About those “Good people on both sides”…

Charlottesville and now Florida – White Supremacist rally – attempted murder by white supremacists.

This is what the Chumph encourages every single day.

Three of the CHumph’s white supremacist “Good People” attempted murderers

These Are The Three Richard Spencer Fans Arrested For Attempted Homicide In Gainesville

They are all active white supremacists; two of them are violent felons.

About five hours before his companion allegedly fired a bullet toward several protesters, and a day before police charged him with attempted homicide, Colton Fears, in an interview with HuffPost, laid out the grievances that had brought him to town. “Basically, I’m just fed up with the fact that I’m cis-gendered, I’m a white male, and I lean right, towards the Republican side,” said Fears, 28, wearing a pin of the 3rd SS Panzer Division Totenkopf of the Waffen-SS. “And I get demonized if I don’t accept certain things.”

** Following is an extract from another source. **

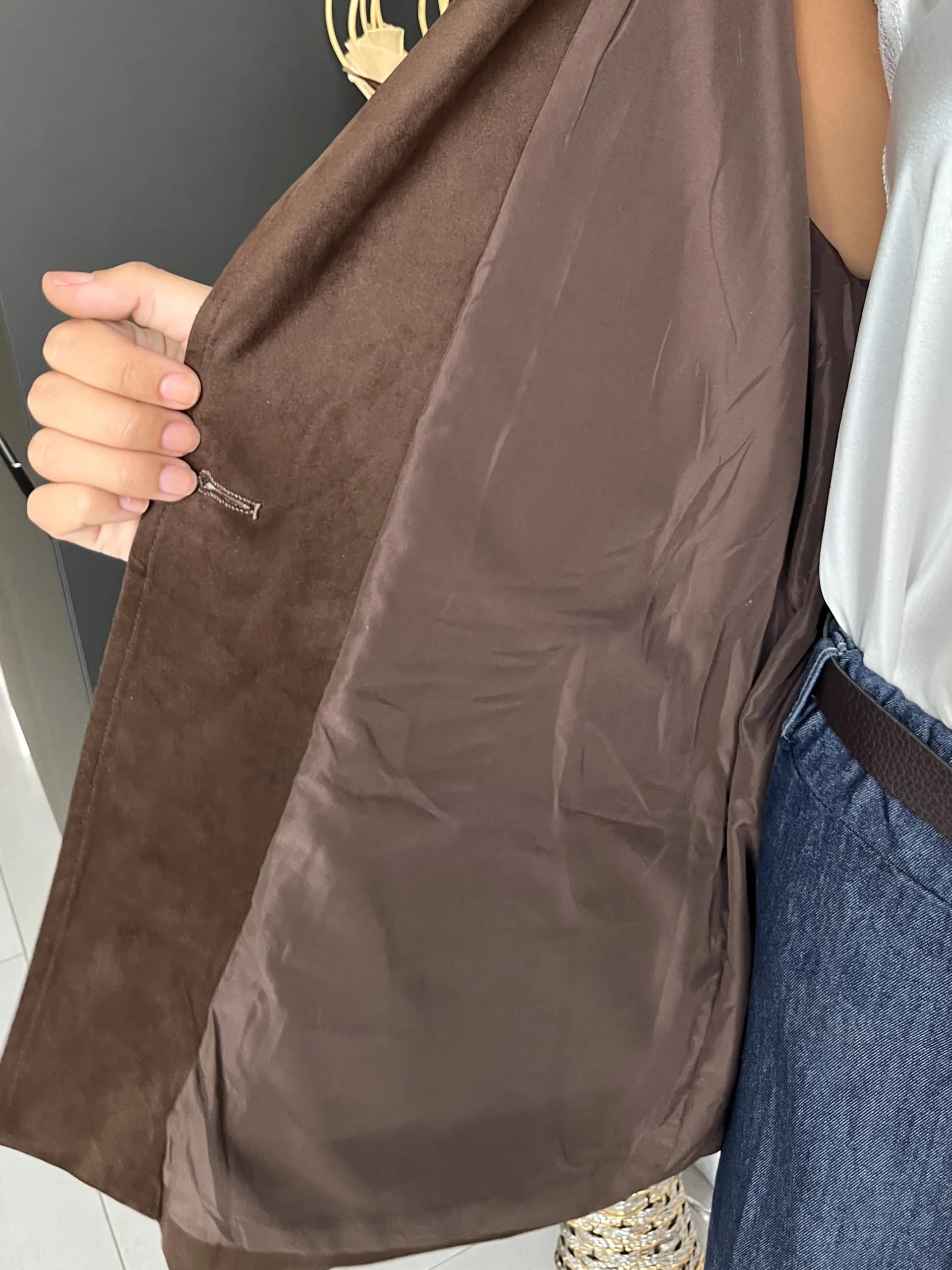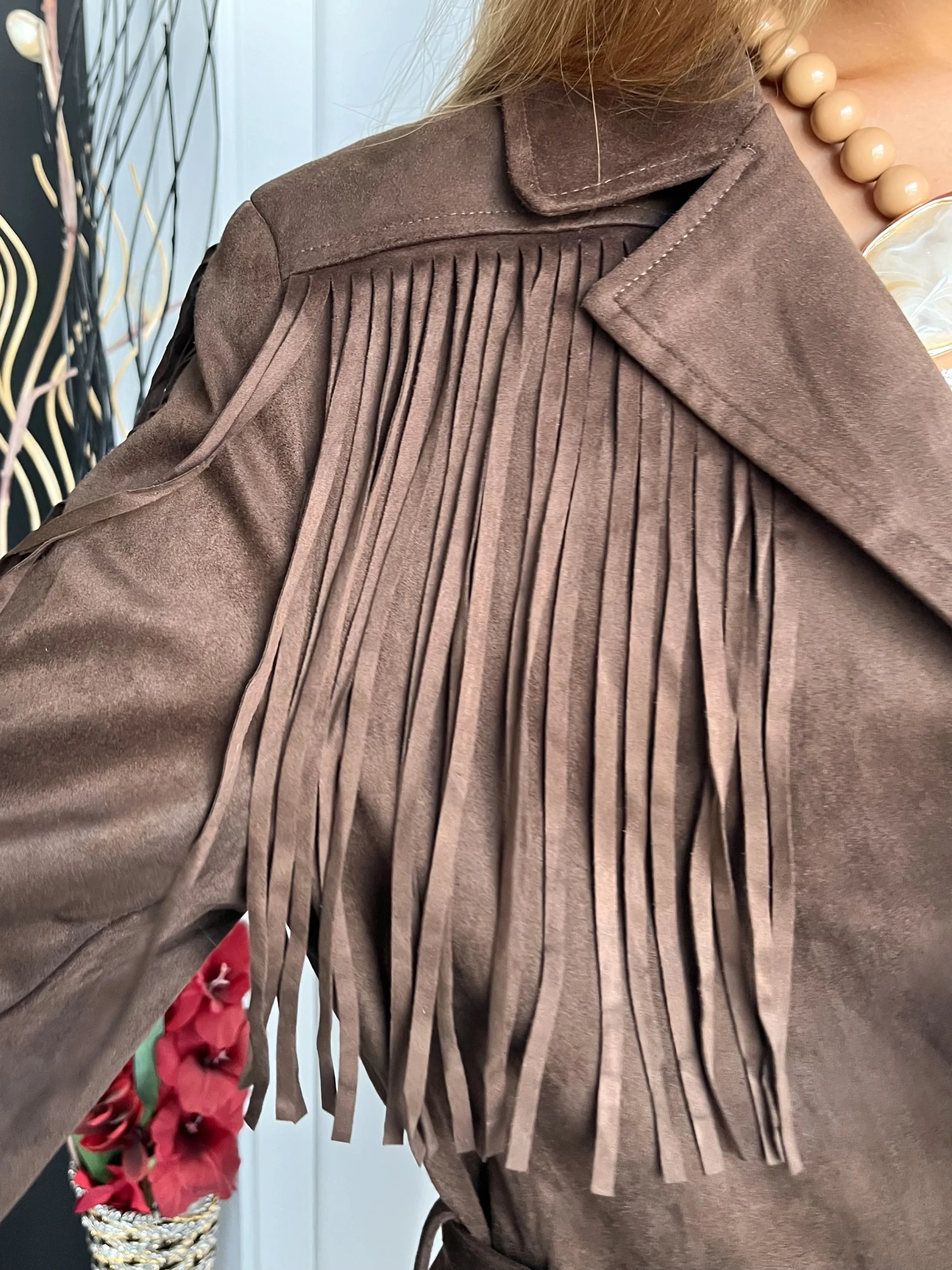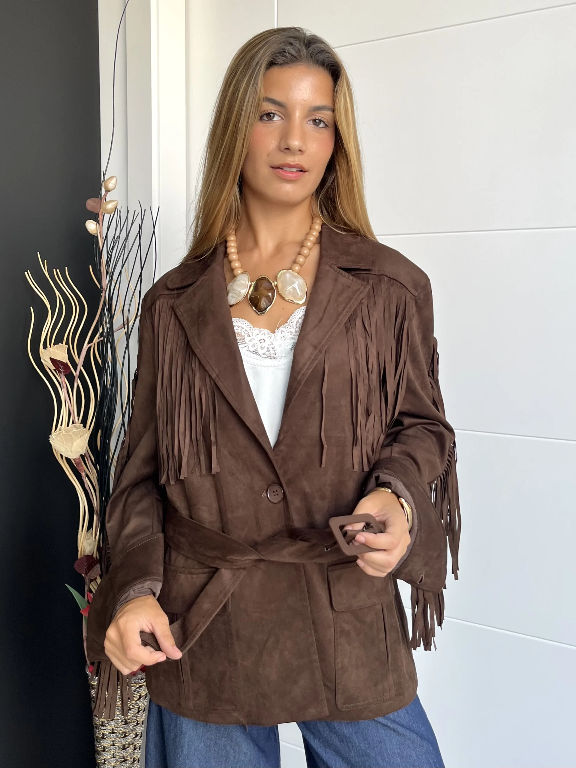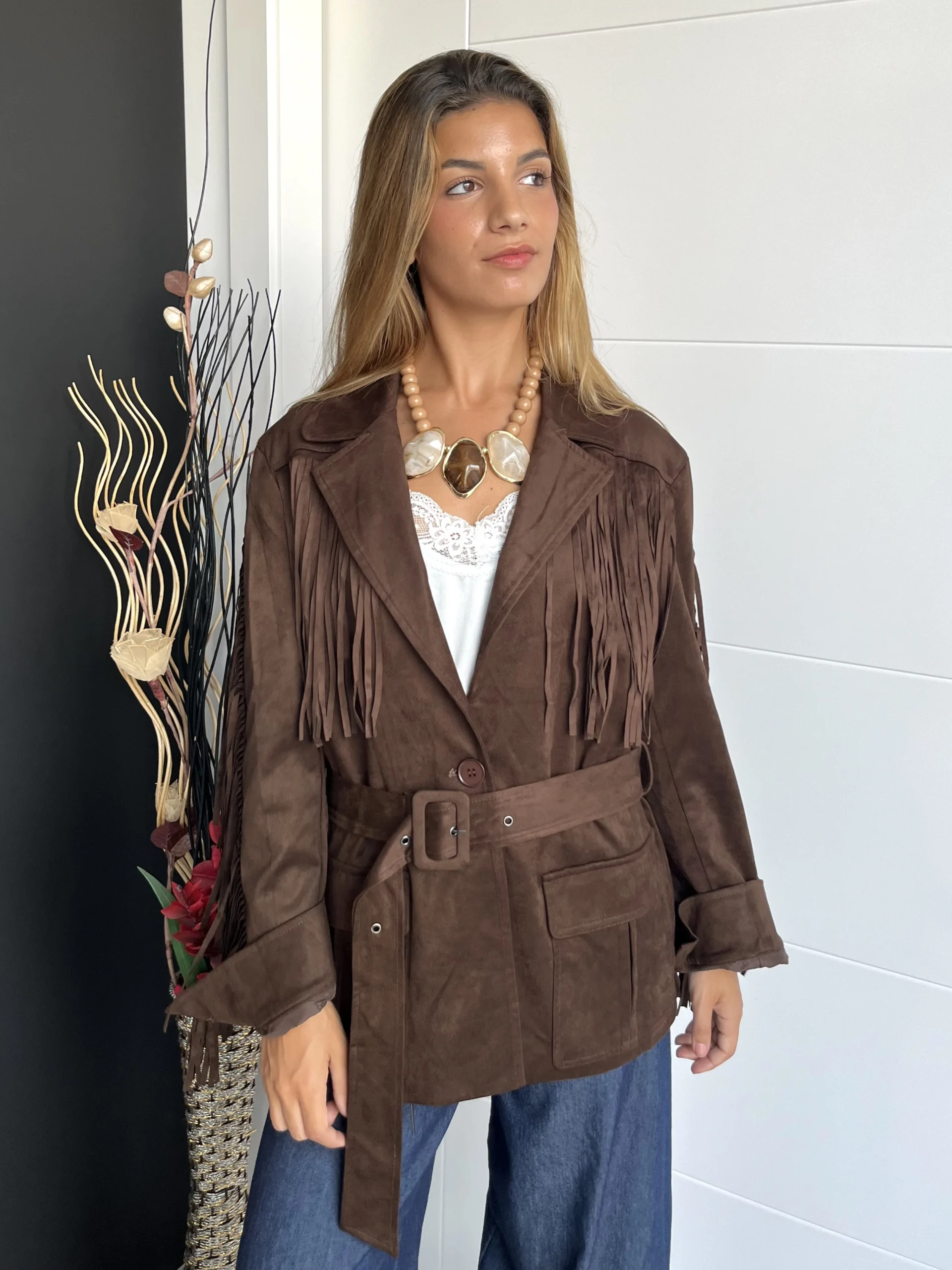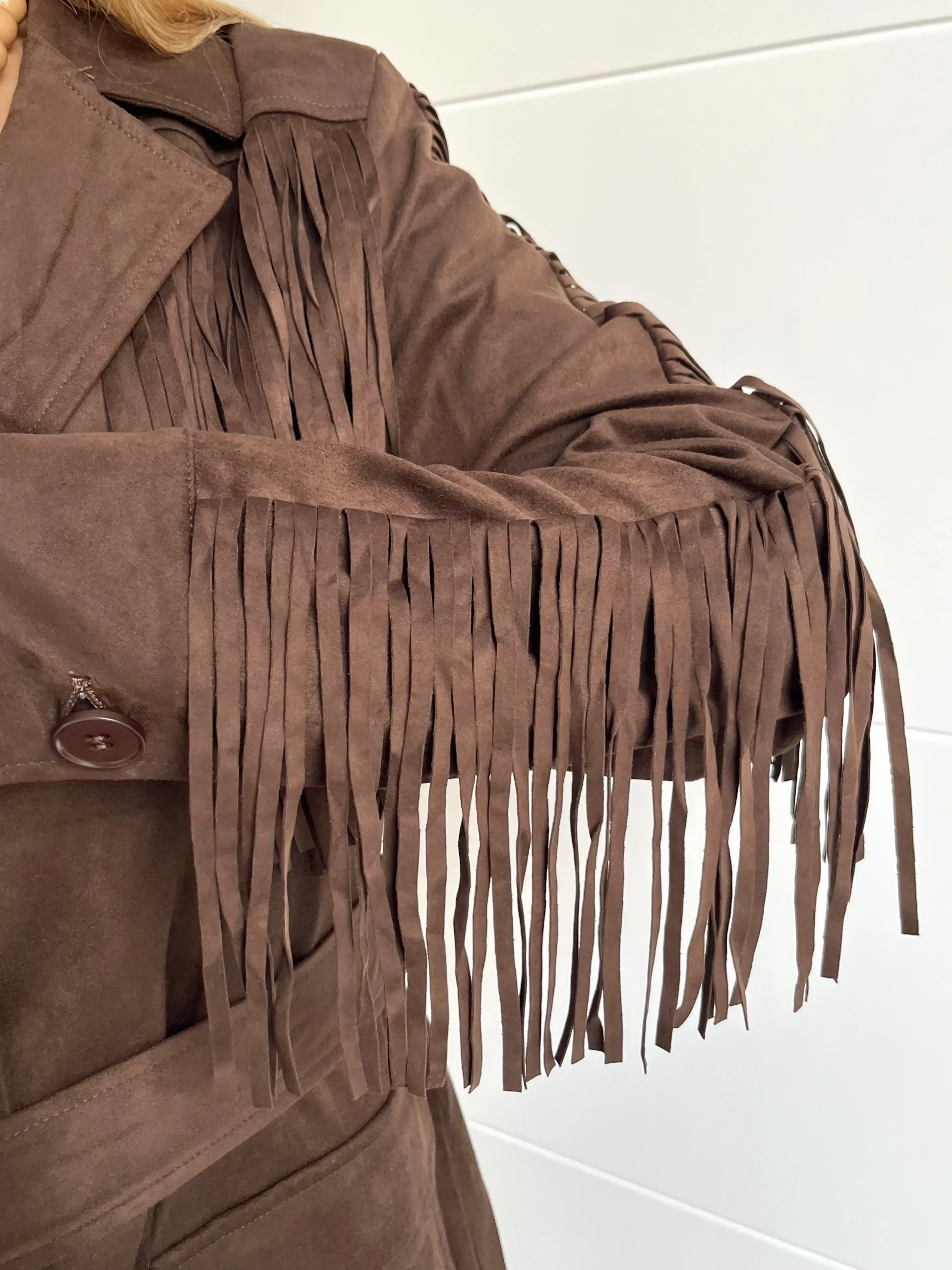Chaqueta de ante en color marrón chocolate, con flecos en las mangas y en el pecho. Cuello camisero y botón en el centro para cerrarla. Cinturón incluido. Botones en los puños y bolsillos frontales.

According to the Anti-Defamation League, Colton Fears is the “least active” of the three Texas men charged in Thursday’s shooting, which happened after Richard Spencer’s speech at the University of Florida. Fears’ brother, William, 30, and Tyler Tenbrink, 28, were also charged. It was Tenbrink who allegedly jumped out of a silver Jeep after an argument with protesters and produced a handgun. “I’m going to fucking kill you,” Tenbrink reportedly yelled at the protesters, while the Fears brothers encouraged him to shoot.

Tenbrink popped off a single round that missed his targets and hit a building behind them, then got back in the Jeep and fled. One of the victims reported the Jeep’s vehicle tag number to police. Officers from three different law enforcement units caught up with the trio later that evening on Interstate 75 and took them into custody.

Even before their arrest, the trio were known quantities ― Tenbrink and William Fears in particular. They are fairly representative specimens of the sort of flotsam that drifts through the the so-called “alt-right” and, increasingly, trails in the wake of any white nationalist chieftain, even one as snooty as Spencer. They are, in short, surly groupies for whiteness. Here’s what we know about them.

Tyler Tenbrink

Tenbrink, the man who fired the gun, is a white supremacist from Richmond, Texas. He told the Washington Post that he came to Spencer’s Gainesville speech because he received threats from the “radical left” after he was spotted at the Unite The Right rally in Charlottesville, Virginia. But Tenbrink had been active in the white nationalist scene long before the August gathering.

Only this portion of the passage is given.